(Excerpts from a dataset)

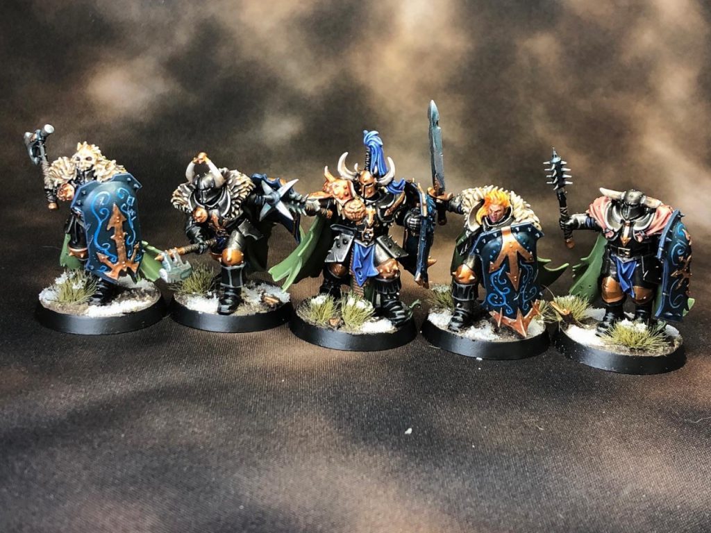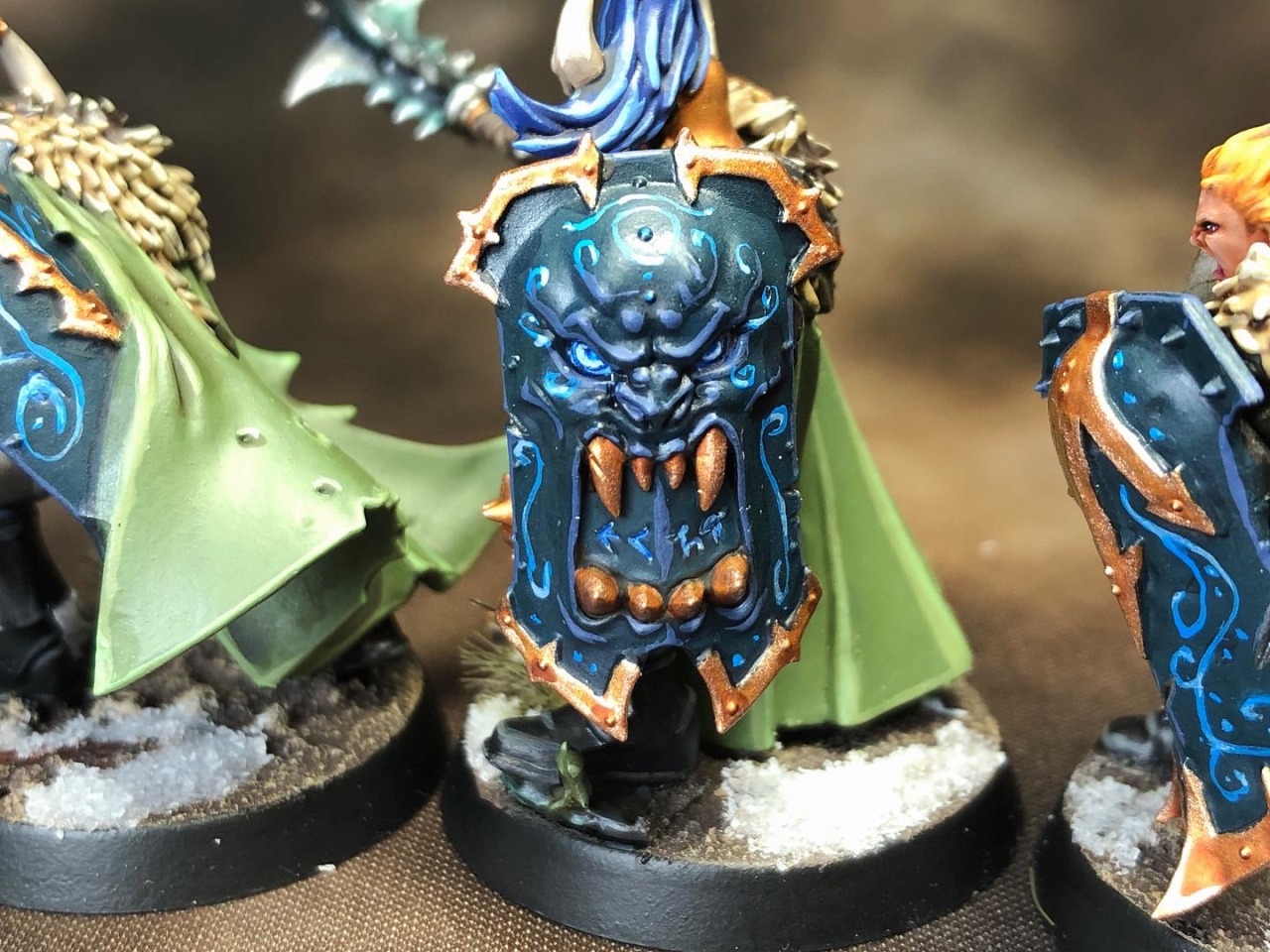 Chaos Warriors. Credit: SRMAll of my Chaos Warriors also have some Celtic-inspired woading on their shields. I tried it on the armor of one dude and he looked way too busy, but I'm especially happy with how it came out on the unit champion's shield:
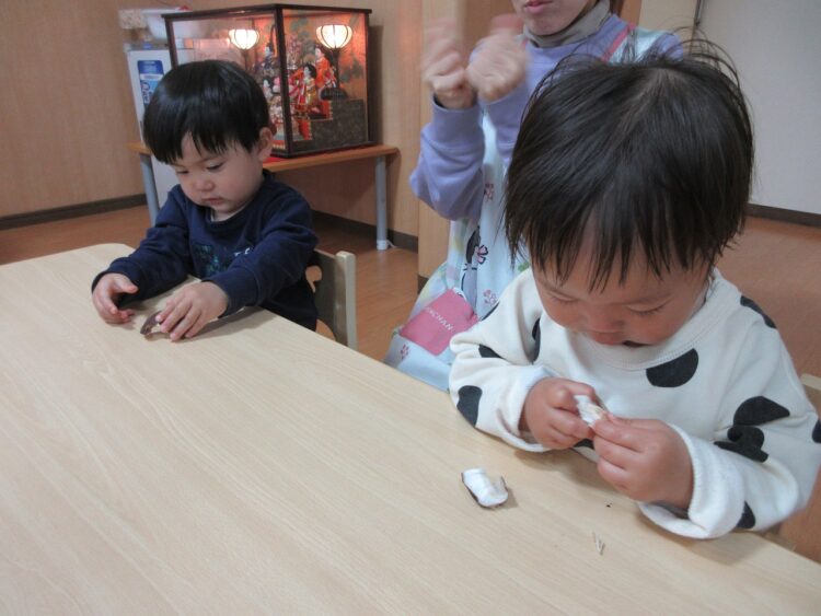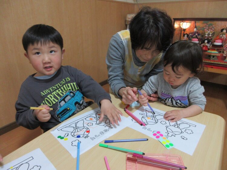 「見てみてー! お雛様のお顔が描けたよ!」
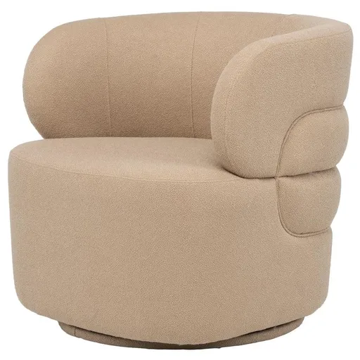 Looking for comfort? You've found it with the Julio Beige Accent Chair. This stylish barrel back style chair features a lovely, soft beige color, round base, wide seating, and attractive textured fabric. With a 360-degree swivel and modern appeal, this occasional chair is just what the doctor ordered.
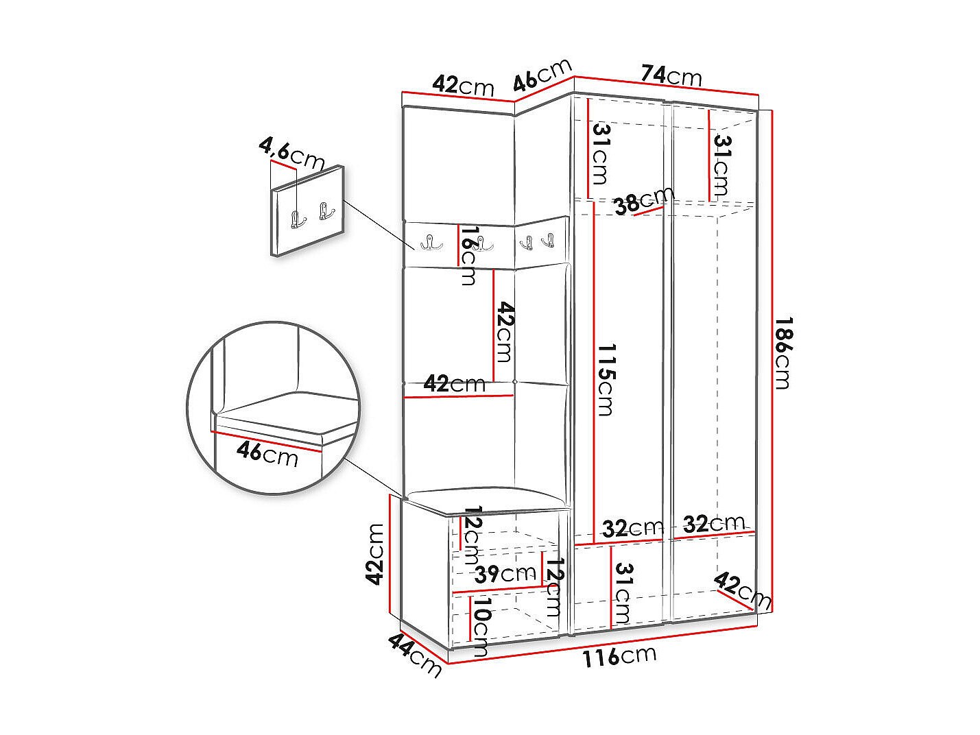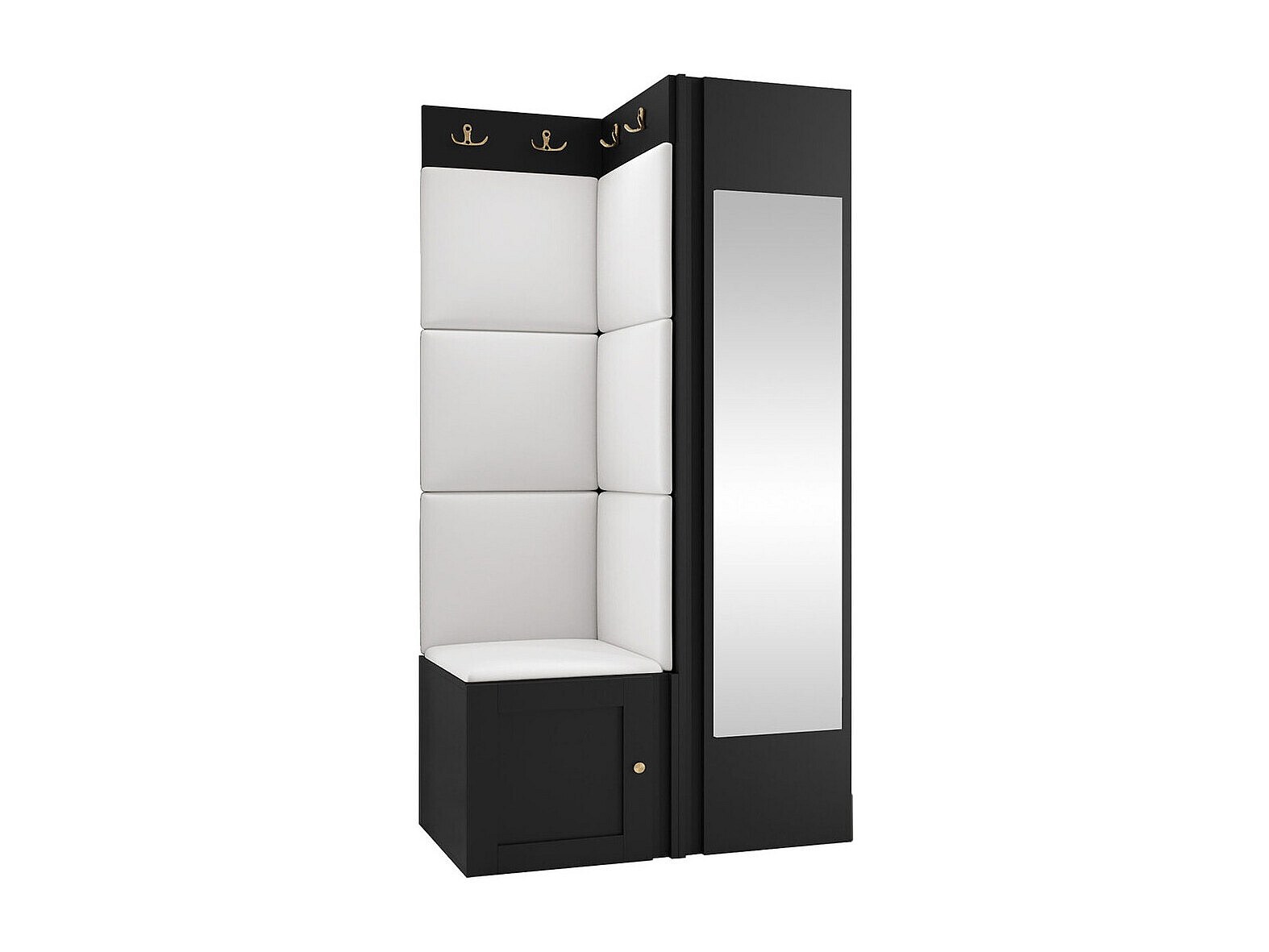 Meuble d'entrée Hartford 382, 186x82x46cm, Miroir, Noir|Blanc, Stratifié|Faux cuir|MDF
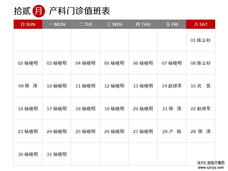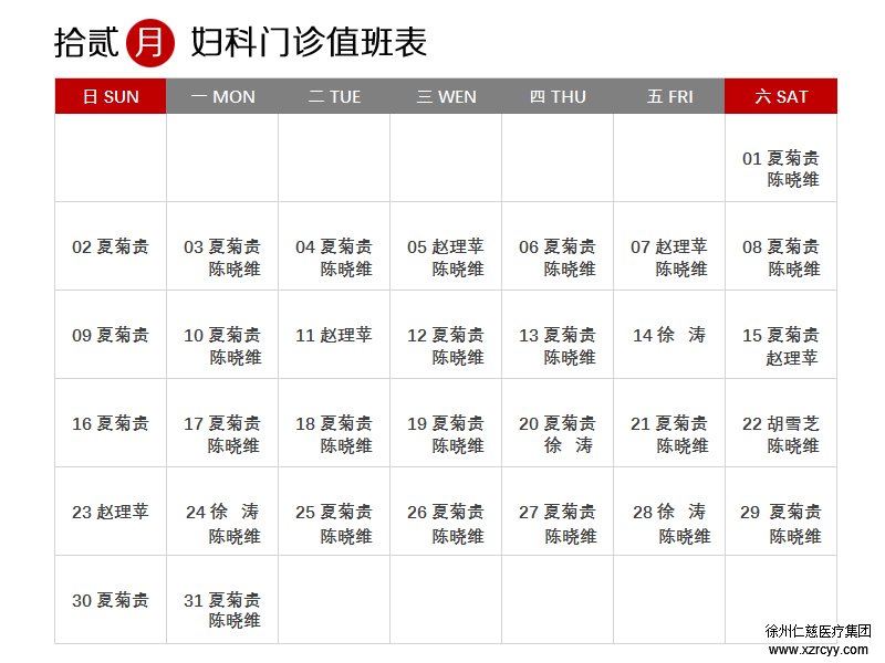 RENCI 12月门诊值班表
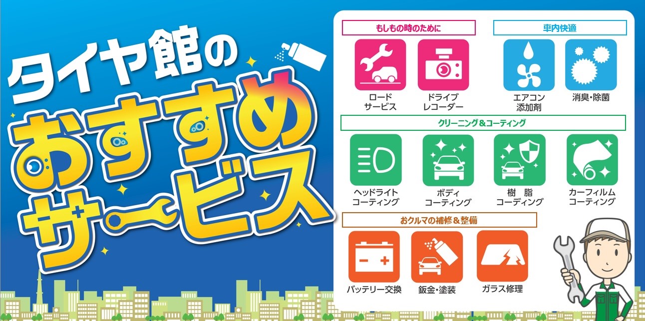 タイヤ・ホイール・オイル交換・ワイパー・バッテリー・パンク修理
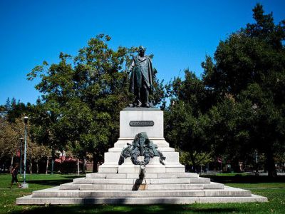 Saint James Park spans 6.8 acres in Downtown San Jose and dates to 1848. One of the park's oldest landmarks is a monument to president William McKinley, dating back to 1903. The sculpture stands on a granite pedestal and is crafted of bronze. There is also a brass cannon that stands at the monument's foot.
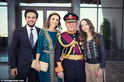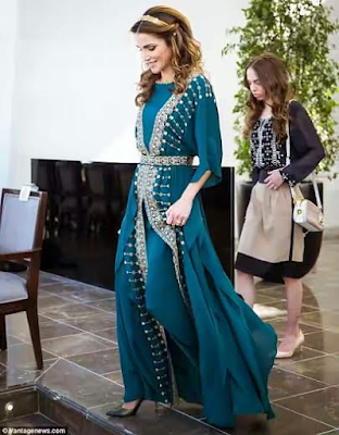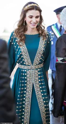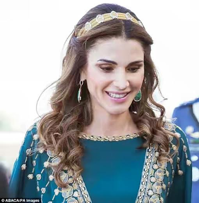 The 45-year-old mother of four was in attendance with her husband King Abdullah as the country celebrated the centennial of The Great Arab Revolt. She looked radiant in a floor-length emerald dress with elaborate gold embellishments. For accessories, she went for a simple gold band studded with medallions over her loosely styled hair, a gleaming gold Dior clutch bag and a pair of green pear-shaped drop earrings. Also in attendance were her children, Prince Hussein, 21 and Princess Salma, 15.
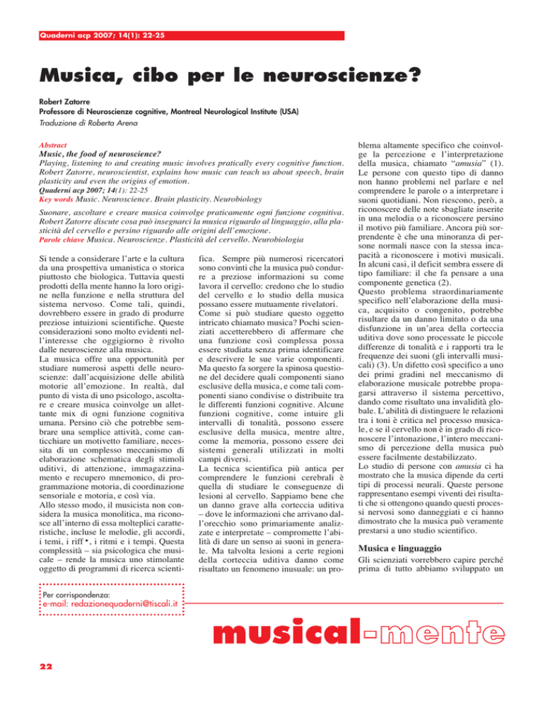 Quaderni acp 2007; 14(1): 22-25 Musica, cibo per le neuroscienze? Robert Zatorre Professore di Neuroscienze cognitive, Montreal Neurological Institute (USA) Traduzione di Roberta Arena Abstract Music, the food of neuroscience? Playing, listening to and creating music involves pratically every cognitive function. Robert Zatorre, neuroscientist, explains how music can teach us about speech, brain plasticity and even the origins of emotion. Quaderni acp 2007; 14(1): 22-25 Key words Music. Neuroscience. Brain plasticity. Neurobiology Suonare, ascoltare e creare musica coinvolge praticamente ogni funzione cognitiva. Robert Zatorre discute cosa può insegnarci la musica riguardo al linguaggio, alla plasticità del cervello e persino riguardo alle origini dell’emozione. Parole chiave Musica. Neuroscienze. Plasticità del cervello. Neurobiologia Si tende a considerare l’arte e la cultura da una prospettiva umanistica o storica piuttosto che biologica. Tuttavia questi prodotti della mente hanno la loro origine nella funzione e nella struttura del sistema nervoso. Come tali, quindi, dovrebbero essere in grado di produrre preziose intuizioni scientifiche. Queste considerazioni sono molto evidenti nell’interesse che oggigiorno è rivolto dalle neuroscienze alla musica. La musica offre una opportunità per studiare numerosi aspetti delle neuroscienze: dall’acquisizione delle abilità motorie all’emozione. In realtà, dal punto di vista di uno psicologo, ascoltare e creare musica coinvolge un allettante mix di ogni funzione cognitiva umana. Persino ciò che potrebbe sembrare una semplice attività, come canticchiare un motivetto familiare, necessita di un complesso meccanismo di elaborazione schematica degli stimoli uditivi, di attenzione, immagazzinamento e recupero mnemonico, di programmazione motoria, di coordinazione sensoriale e motoria, e così via. Allo stesso modo, il musicista non considera la musica monolitica, ma riconosce all’interno di essa molteplici caratteristiche, incluse le melodie, gli accordi, i temi, i riff *, i ritmi e i tempi. Questa complessità – sia psicologica che musicale – rende la musica uno stimolante oggetto di programmi di ricerca scientiPer corrispondenza: e-mail: [email protected] 22 fica. Sempre più numerosi ricercatori sono convinti che la musica può condurre a preziose informazioni su come lavora il cervello: credono che lo studio del cervello e lo studio della musica possano essere mutuamente rivelatori. Come si può studiare questo oggetto intricato chiamato musica? Pochi scienziati accetterebbero di affermare che una funzione così complessa possa essere studiata senza prima identificare e descrivere le sue varie componenti. Ma questo fa sorgere la spinosa questione del decidere quali componenti siano esclusive della musica, e come tali componenti siano condivise o distribuite tra le differenti funzioni cognitive. Alcune funzioni cognitive, come intuire gli intervalli di tonalità, possono essere esclusive della musica, mentre altre, come la memoria, possono essere dei sistemi generali utilizzati in molti campi diversi. La tecnica scientifica più antica per comprendere le funzioni cerebrali è quella di studiare le conseguenze di lesioni al cervello. Sappiamo bene che un danno grave alla corteccia uditiva – dove le informazioni che arrivano dall’orecchio sono primariamente analizzate e interpretate – compromette l’abilità di dare un senso ai suoni in generale. Ma talvolta lesioni a certe regioni della corteccia uditiva danno come risultato un fenomeno inusuale: un pro- blema altamente specifico che coinvolge la percezione e l’interpretazione della musica, chiamato “amusia” (1). Le persone con questo tipo di danno non hanno problemi nel parlare e nel comprendere le parole o a interpretare i suoni quotidiani. Non riescono, però, a riconoscere delle note sbagliate inserite in una melodia o a riconoscere persino il motivo più familiare. Ancora più sorprendente è che una minoranza di persone normali nasce con la stessa incapacità a riconoscere i motivi musicali. In alcuni casi, il deficit sembra essere di tipo familiare: il che fa pensare a una componente genetica (2). Questo problema straordinariamente specifico nell’elaborazione della musica, acquisito o congenito, potrebbe risultare da un danno limitato o da una disfunzione in un’area della corteccia uditiva dove sono processate le piccole differenze di tonalità e i rapporti tra le frequenze dei suoni (gli intervalli musicali) (3). Un difetto così specifico a uno dei primi gradini nel meccanismo di elaborazione musicale potrebbe propagarsi attraverso il sistema percettivo, dando come risultato una invalidità globale. L’abilità di distinguere le relazioni tra i toni è critica nel processo musicale, e se il cervello non è in grado di riconoscere l’intonazione, l’intero meccanismo di percezione della musica può essere facilmente destabilizzato. Lo studio di persone con amusia ci ha mostrato che la musica dipende da certi tipi di processi neurali. Queste persone rappresentano esempi viventi dei risultati che si ottengono quando questi processi nervosi sono danneggiati e ci hanno dimostrato che la musica può veramente prestarsi a uno studio scientifico. Musica e linguaggio Gli scienziati vorrebbero capire perché prima di tutto abbiamo sviluppato un musical-mente senso per la musica e, in particolare, se l’abilità musicale è in qualche modo un’estensione della parola: molti hanno discusso di questo argomentando ragionevolmente che la musica e il linguaggio condividono le molte similitudini strutturali. Così i ricercatori hanno provato, usando varie tecniche, a determinare fino a che punto l’elaborazione della musica e quella della parola condividono le medesime risorse nervose. I risultati ottenuti finora sono in un certo senso contrastanti, ma anche intriganti. Una delle cose che più colpisce, riguardo al processo di elaborazione neurobiologico del li
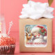 Add extra Christmas magic to your gifts, cards, and holiday décor with this adorable personalized sticker featuring a classic Santa Claus and his cheerful red-nosed reindeer, Rudolph. Designed in a cute, nostalgic style, this festive sticker brings warmth and whimsy to every surface. Personalize it with a name or short message to create unique Christmas labels for kids, family, party favors, treat bags, mailers, scrapbooking, or DIY holiday crafts. The charming Santa and Rudolph artwork makes it a perfect choice for children's gifts, stocking stuffers, school events, and festive party decorations. Whether you’re preparing holiday packages, decorating your planner, or adding a special touch to Christmas cards, this high-quality custom sticker adds cheerful personality to every celebration. A delightful, customizable accessory that spreads joy all season long.
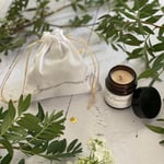 Une petite pochette en coton avec inscription "Joyeux anniversaire" fermée par un lien doré, Imprimée à la main.

### What the task asks
Output exactly the lines above that lie between the line with "RENCI 12月门诊值班表" and the line with "The 45-year-old mother", those two lines included, and no pictures.

### Exercise result
 RENCI 12月门诊值班表
 タイヤ・ホイール・オイル交換・ワイパー・バッテリー・パンク修理
 Saint James Park spans 6.8 acres in Downtown San Jose and dates to 1848. One of the park's oldest landmarks is a monument to president William McKinley, dating back to 1903. The sculpture stands on a granite pedestal and is crafted of bronze. There is also a brass cannon that stands at the monument's foot.
 The 45-year-old mother of four was in attendance with her husband King Abdullah as the country celebrated the centennial of The Great Arab Revolt. She looked radiant in a floor-length emerald dress with elaborate gold embellishments. For accessories, she went for a simple gold band studded with medallions over her loosely styled hair, a gleaming gold Dior clutch bag and a pair of green pear-shaped drop earrings. Also in attendance were her children, Prince Hussein, 21 and Princess Salma, 15.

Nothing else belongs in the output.